Style used for applying differing styles to different Polygons at different levels within a ClippedPolygon or CurvilinearRegion. Styles are stored by the sequence of child indices required to find the corresponding Clipper.PolyNode within the ClippedPolygon. For a CurvilinearRegion only dictionaries of depth 2 (a single parent and one set of holes) are valid.

offset{S<:Coordinate}(s::AbstractPolygon{S}, delta::Coordinate;
    j::Clipper.JoinType=Clipper.JoinTypeMiter,
    e::Clipper.EndType=Clipper.EndTypeClosedPolygon)
offset{S<:AbstractPolygon}(subject::AbstractVector{S}, delta::Coordinate;
    j::Clipper.JoinType=Clipper.JoinTypeMiter,
    e::Clipper.EndType=Clipper.EndTypeClosedPolygon)
offset{S<:Polygon}(s::AbstractVector{S}, delta::Coordinate;
    j::Clipper.JoinType=Clipper.JoinTypeMiter,
    e::Clipper.EndType=Clipper.EndTypeClosedPolygon)

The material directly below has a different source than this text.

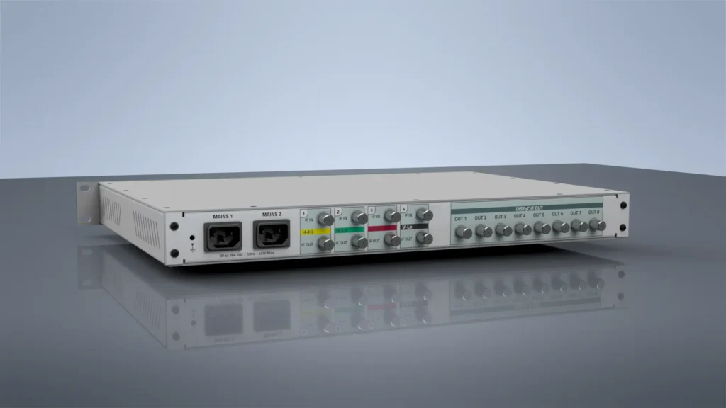 MS48WJ2 integra una matrice RF a stato solido con 4 ingressi IF SAT e 8 uscite indipendenti, ottimizzando la distribuzione del segnale per applicazioni in armadi ripetitori DVB-T/T2, sistemi radio analogici FM e digitali DAB/DAB+. Grazie alla sua meccanica compatta in formato rack 19” (1 UNI) e alla profondità ridotta di soli 295 mm, si adatta perfettamente a installazioni professionali che richiedono efficienza e affidabilità.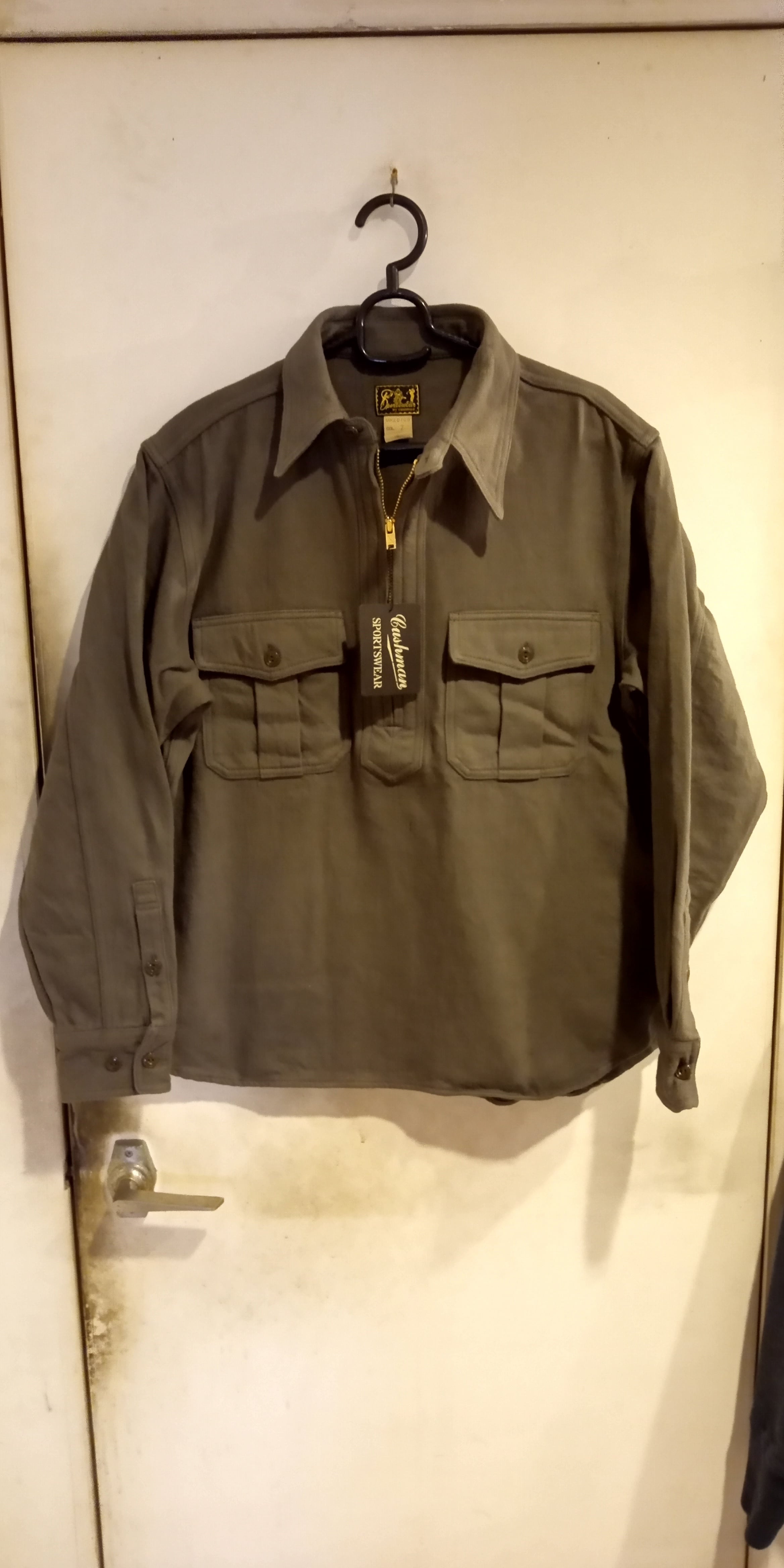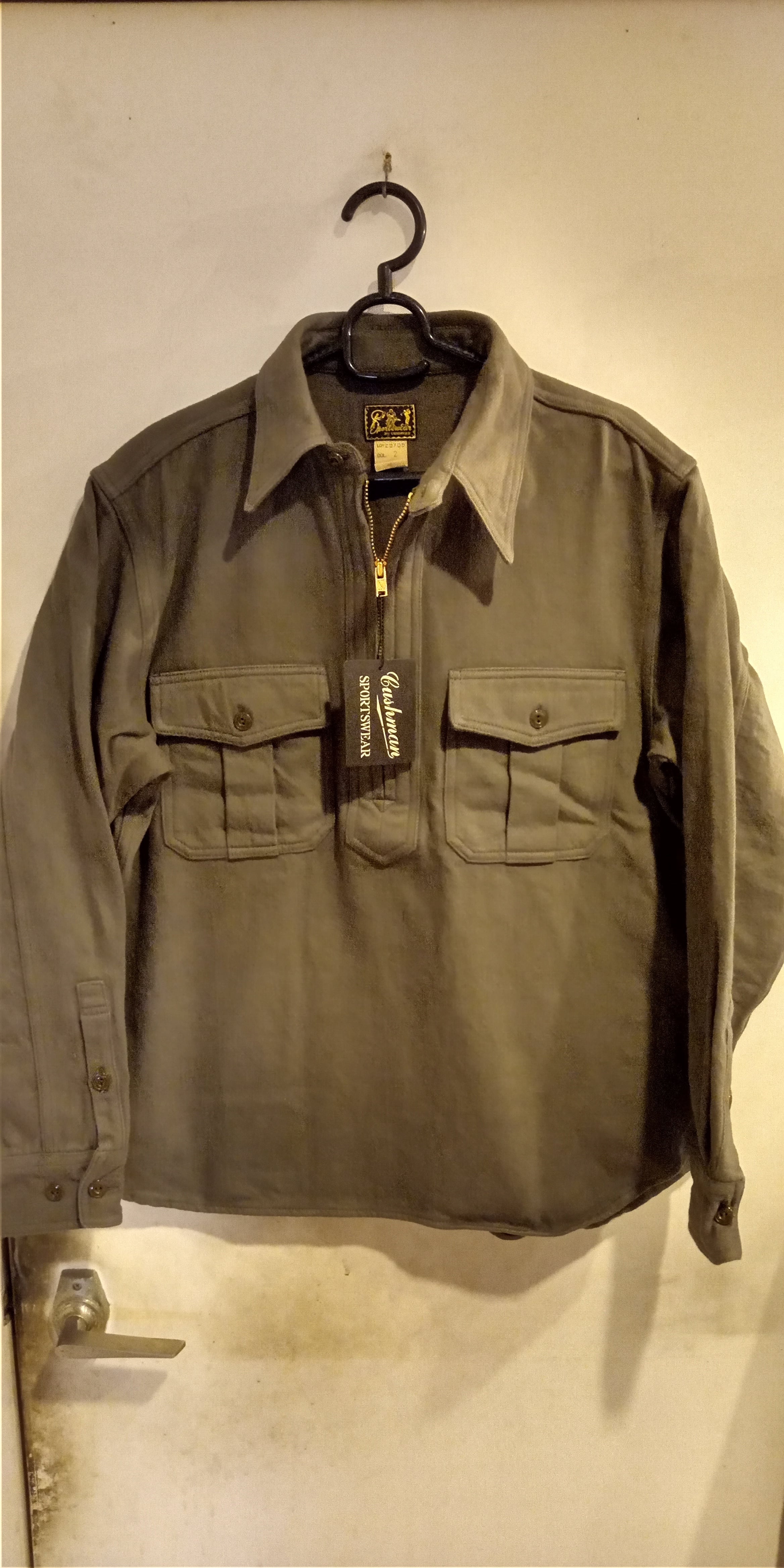 クッシュマン2025年秋冬物最新ミリタリーネルハーフジップワークシャツが入荷致しました。コットン1000パーツ、カラーオリーブ、ワンウォッシュ済み

Using the Clipper library and the Clipper.jl wrapper, perform polygon offsetting.

The orientations of polygons must be consistent, such that outer polygons share the same orientation, and any holes have the opposite orientation. Additionally, any holes should be contained within outer polygons; offsetting hole edges may create positive artifacts at corners.

The first argument should be an AbstractPolygon. The second argument is how much to offset the polygon. Keyword arguments include a join type:

• Clipper.JoinTypeMiter
• Clipper.JoinTypeRound
• Clipper.JoinTypeSquare

and also an end type:

• Clipper.EndTypeClosedPolygon
• Clipper.EndTypeClosedLine
• Clipper.EndTypeOpenSquare
• Clipper.EndTypeOpenRound
• Clipper.EndTypeOpenButt

struct Rectangle{T} <: AbstractPolygon{T}
    ll::Point{T}
    ur::Point{T}
    function Rectangle(a,b)
        # Ensure ll is lower-left, ur is upper-right.
        ll = Point(a.<=b) .* a + Point(b.<=a) .* b
        ur = Point(a.<=b) .* b + Point(b.<=a) .* a
        new(ll,ur)
    end
end

A rectangle, defined by opposing lower-left and upper-right corner coordinates. Lower-left and upper-right are guaranteed to be such by the inner constructor.

Rectangle(ll::Point, ur::Point)

Convenience constructor for Rectangle objects.

Rectangle(width, height)

Constructs Rectangle objects by specifying the width and height rather than the lower-left and upper-right corners.

The rectangle will sit with the lower-left corner at the origin. With centered rectangles we would need to divide width and height by 2 to properly position. If we wanted an object of Rectangle{Int} type, this would not be possible if either width or height were odd numbers. This definition ensures type stability in the constructor.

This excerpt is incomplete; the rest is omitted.